Setengah jam lagi berlalu, Kepala Ruang Zheng berdiri dengan wajah suram.

Karena dalam satu jam itu, dua puluh juta yang dipinjam dari Bos Kim sudah habis.

Saat Kepala Ruang Zheng mundur, Bos Kim yang mengelola ruang hiburan kartu itu duduk menggantikan.

Satu jam berlalu.

Enam puluh juta An Yongjun juga sudah habis, dia menggertakkan gigi dan berteriak marah, “Ah, kamu ini! Pergi ambil lagi enam puluh juta!”

Anak buah itu ingin bicara tapi ragu-ragu, dia melihat ke meja kartu pada Cao Ting, lalu menatap bos yang penuh kemarahan.

Akhirnya dia menggigit giginya dan lari keluar.

Saat anak buah itu kembali, taruhan sudah dinaikkan oleh pria berkalung rantai emas An Yongjun menjadi lima ratus ribu.

Di bawah ruang hiburan kartu, di jalanan luar, sudah ada orang yang berjaga.

Tujuannya jelas, tapi apakah mereka ingin merampok uang itu atau tidak, belum bisa dipastikan.

Satu jam lagi berlalu.

An Yongjun tiba-tiba berdiri dan berjalan ke anak buah di pintu untuk meminta sebatang rokok.

Setelah menghisap beberapa kali, dia perlahan duduk kembali.

Kini An Yongjun sudah tidak marah seperti tadi.

Sebaliknya dia tertawa, “Setelah seharian mencoba, aku belum tahu bagaimana kamu bisa curang.”

---

“Tanpa bukti, kalau kamu bilang begitu, aku akan menuntut kamu karena fitnah,” kata Cao Ting sambil menggeleng dan mengejek, lalu berteriak ke orang-orang di sekitar, “Dia memfitnah saya, dia memfitnah saya!”

“Ah, diam kamu!” kata pria berkalung rantai emas An Yongjun.

Emosinya yang sudah tenang, tiba-tiba kembali menyala hanya karena beberapa kata.

Matanya yang merah padam menatap tajam ke Cao Ting.
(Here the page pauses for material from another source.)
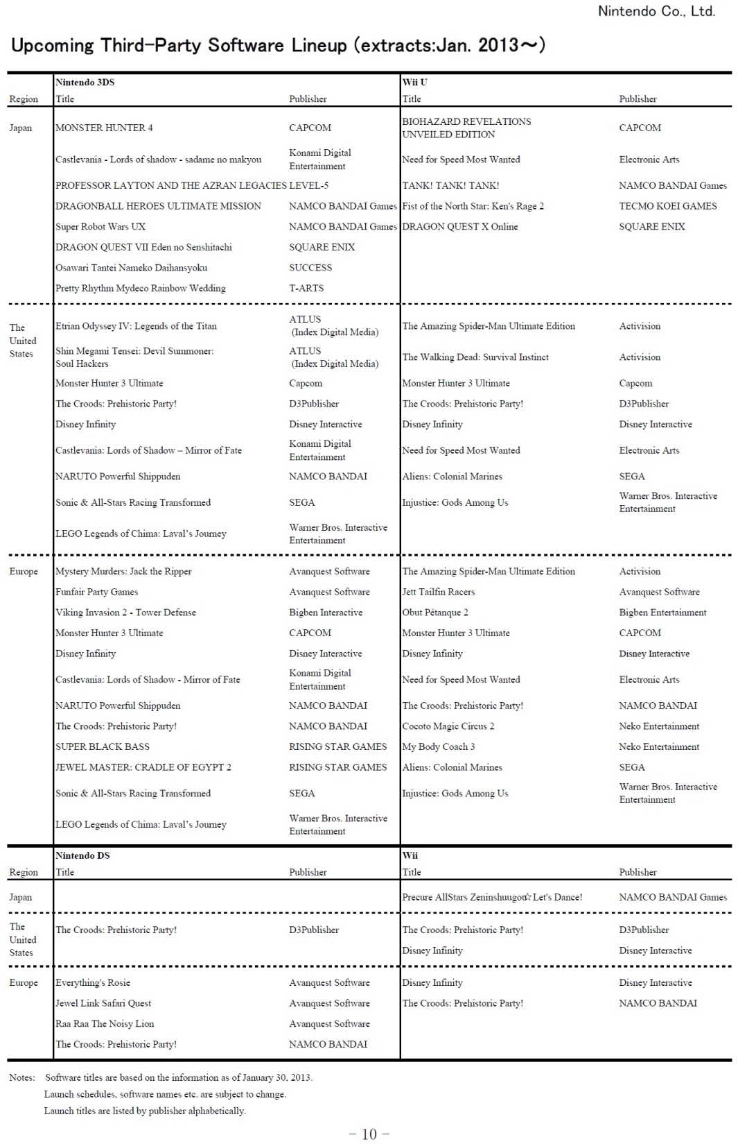 – 10 more titles coming from Nintendo

“Jujur saja, aku akui teknik curangmu hebat, jauh lebih pintar dari para penipu yang kukenal.”

“Tapi aku juga harus bilang sesuatu, aku An Yongjun, pimpinan pertama Gang Nambu-dong di Distrik Jiangxi, kata-kataku di sini sangat berwibawa!”

“Aku ingin berteman denganmu, kalau kamu tahu diri, kita bisa selesaikan masalah malam ini dengan baik, kalau tidak, aku bayar seratus juta untuk tangan kirimu!”
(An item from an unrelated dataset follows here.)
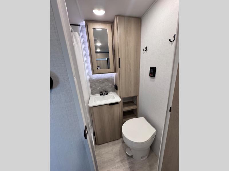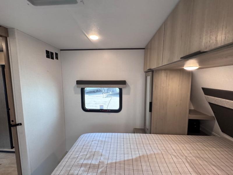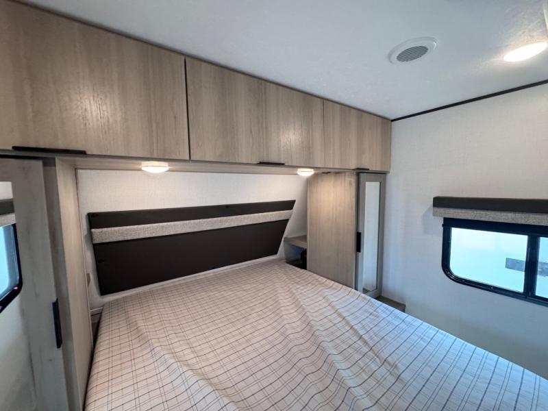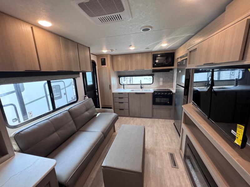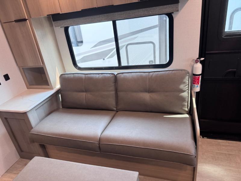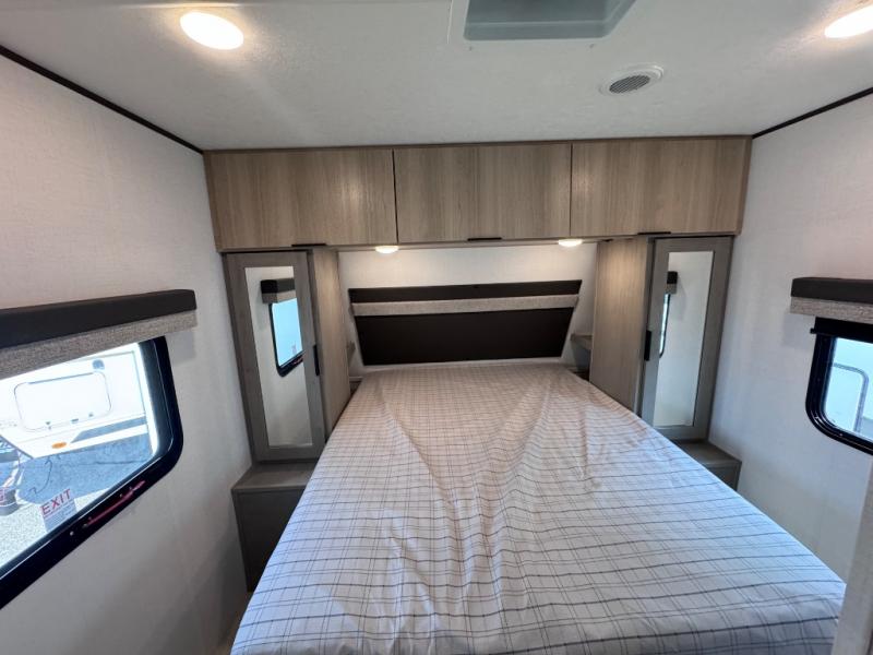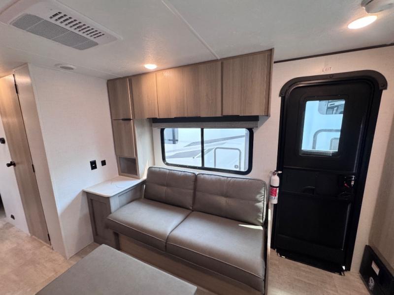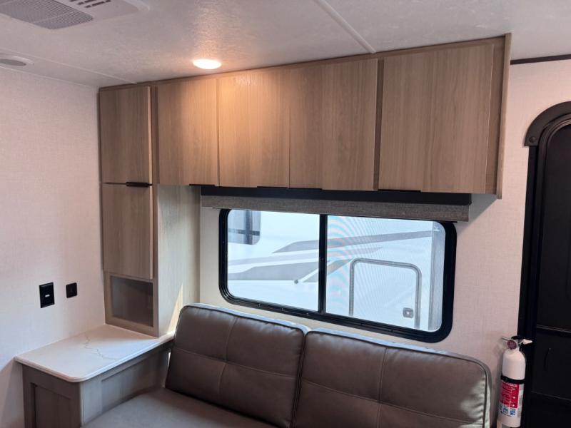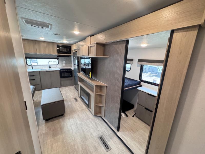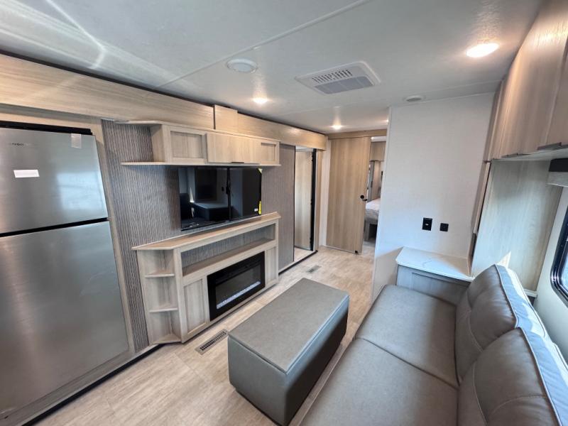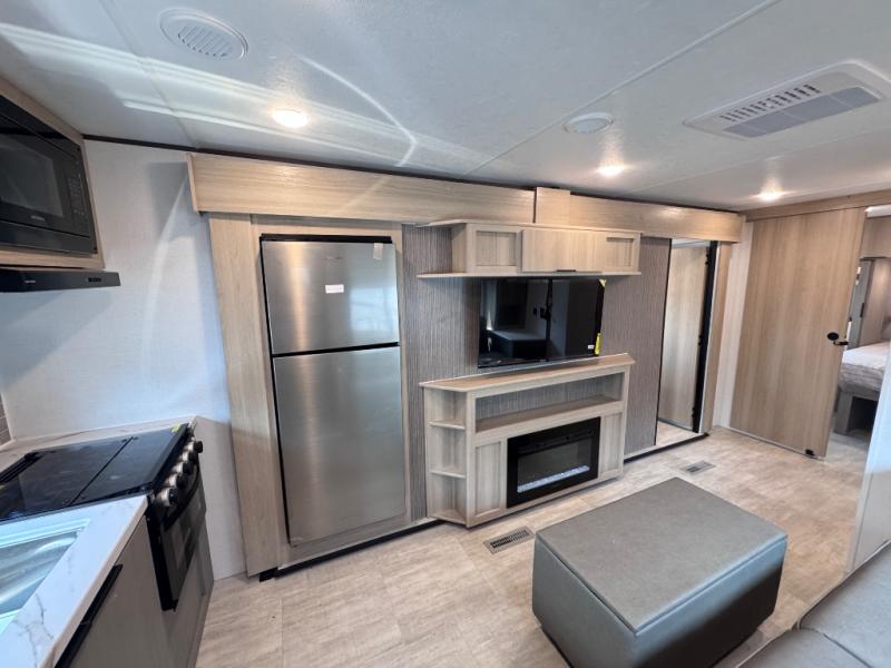 You'll love every minute spent in this spacious travel trailer. There is a front private bedroom with a queen bed and dual bedside closets to keep your things organized. The jack knife sofa sits across from the fireplace so you can enjoy your evenings indoors, and the hidden convertible bunk is behind the entertainment center for a smart usage of space! The rear kitchen includes a cooktop with an oven, a microwave, plus a 12V refrigerator and pantry for food storage. And don't overlook the mid-coach full bath for quick and easy showers!

“Selain itu, aku juga harus jujur, uang yang kamu menangkan malam ini, kamu juga tidak akan bisa bawa pulang! Jadi, kamu mau berteman denganku atau mau kehilangan tangan kirimu, dan ambil seratus juta itu lalu keluar dari Distrik Jiangxi!”

“Hebat benar gaya An Yongjun, pimpinan pertama Gang Nambu-dong, benar-benar jujur dan terang-terangan,” kata Cao Ting sambil tersenyum, karena saat ini dia harus tetap tenang dan santai.
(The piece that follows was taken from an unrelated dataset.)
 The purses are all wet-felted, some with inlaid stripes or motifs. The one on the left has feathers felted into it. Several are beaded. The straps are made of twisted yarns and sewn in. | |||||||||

“Tuan An, bolehkah orang lain di ruangan ini keluar dulu?” pintanya.

“Bro!” seru salah satu anak buah dengan cepat.

“Ah, kamu pikir aku takut sama bocah kurus itu?” kata An Yongjun memotong, marah.

Atas perintahnya, semua orang di ruangan itu keluar.

Hanya tinggal dia dan Cao Ting.

“Ah, bocah, ruangan ini kedap suara sangat bagus, kamu bisa bicara bebas tentang trik curangmu supaya aku juga bisa belajar,” kata An Yongjun dengan santai duduk di kursi, tidak takut Cao Ting tiba-tiba menyerang.

“Tuan An, aku harus jelaskan, aku bersumpah dengan kepribadianku, aku sama sekali tidak curang,” kata Cao Ting sambil membuka tangan, tersenyum pasrah menjelaskan.

Ini membuat An Yongjun marah, “Ah, bocah, kamu sedang mempermainkanku?”

“Jangan marah, Tuan An, aku tidak perlu curang karena aku bisa melihat kartu kalian sendiri,” kata Cao Ting sambil menunjuk matanya, lalu menunjuk An Yongjun yang berkalung rantai emas.

“Ah, kamu...” An Yongjun berdiri dengan cepat, bertekad menunjukkan siapa dia pada pemuda di depannya.

“Tapi kamu punya bekas luka pisau sepanjang tiga sentimeter di perut kiri bawah,” kata Cao Ting sambil menunjuk perut An Yongjun.